This section is under construction (July 2010)
A number of practical limitations due to the choice of organism and/or growth substrate used can affect growth in chemostat culture and should be considered and, where possible, overcome in order to maximise the stability of the culture.
Biofilm growth on the walls of the culture vessel and on outflowing tubing can result in a chemostat culture that is essentially useless for any form of kinetic work. Glass surfaces can be rendered hydrophobic by an application of a silanising agent, such as dichlorodimethylsilane (typically purchased as a 2% solution in an organic solvent). Silanising glass is a simple procedure but best carried out in a fumehood since hydrogen chloride gas is evolved. The culture vessel should be washed thoroughly with detergent and then rinsed with MilliQ water before drying with a tissue. A dichlorodimethylsilane solution is applied using a tissue to all surfaces, paying particular attention to the overflow, and allowed to act on the glass for 15 minutes. In the case of small growth vessels, it is usually more convenient to fill the vessel with silanising solution, leave for 15 minutes then empty. The treated vessel should be washed in hot water containing detergent and dried before autoclaving. One silanising treatment is usually sufficient to last for several months of growth.

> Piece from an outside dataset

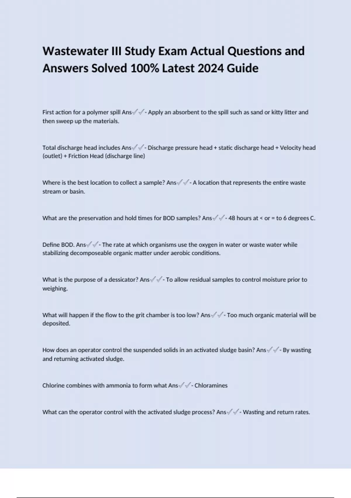 Wastewater III Study Exam Actual Questions and Answers Solved 100% Latest 2024 Guide

Cultures maintained at a high OD or that are growing on substrates such as sugars or glycerol are particularly prone to foaming. Certain members of the Bacteria produce extracellular polysaccharides that can increase foam production - such as Xanthobacter spp. The main effects of foam on a chemostat culture are (1) altering the efficiency of the culture overflow, resulting in altered flowrates and (2) introducing heterogeneity to the culture.
Many bioreactors are manufactured with automated foam-control systems which consist of a pair of electrodes - one under the surface of the culture and one held a few centimetres above the surface. In the even of foam being produced, a circuit between the electrodes is completed and a controller introduces a defined volume of an antifoam agent into the culture, dispersing the foam. Since prevention is always better than cure, antifoam can be added directly to the inflowing medium prior to autoclaving, effectively preventing foam formation. 0.002% (v/v) silicone-based antifoam (i.e. 20µL per litre of medium) is sufficient in most cases. Antifoaming agents come in two basic types - a type that is virtually immiscable in water and must be emulsified (e.g. Antifoam A) and a soluble type (e.g. Antifoam 289). In my hands, the soluble varieties are easier to work with and give more efficient results.
All bioreactor systems have pumps for acid/base and a pH probe to keep the culture at a constant pH during growth. It is generally most practical to use quite concentrated acid and base since the reservoirs will not need refilling very often, but this should be done with care as strong acid/base can damage tubing and kill cells upon contact with the culture. 2M hydrochloric acid and 2M sodium hydroxide are generally suitable, though, if working with an organism that, for example, produces sulfate as its metabolic end product (e.g. Thiobacillus thioparus grown under thiosulfate-limitation), use of sulfuric acid (1M) is suitable. For organisms grown under "marine" conditions, hydrochloric acid/sodium hydroxide can be unsuitable as they will increase the NaCl concentration in the medium. Avoid the use of carbonates as bases when growing autotrophs - they provide an additional carbon-source!
For most applications, silicone tubing is sufficient, however, it should not be used for growth under anoxic conditions or when efluent oxygen is to be determined since it is permiable to oxygen. When working with volatile compounds such as sulfides or aromatics, silicone tubing is, again, not suitable. For these applications, tubing such as Viton® is more useful, albeit expensive.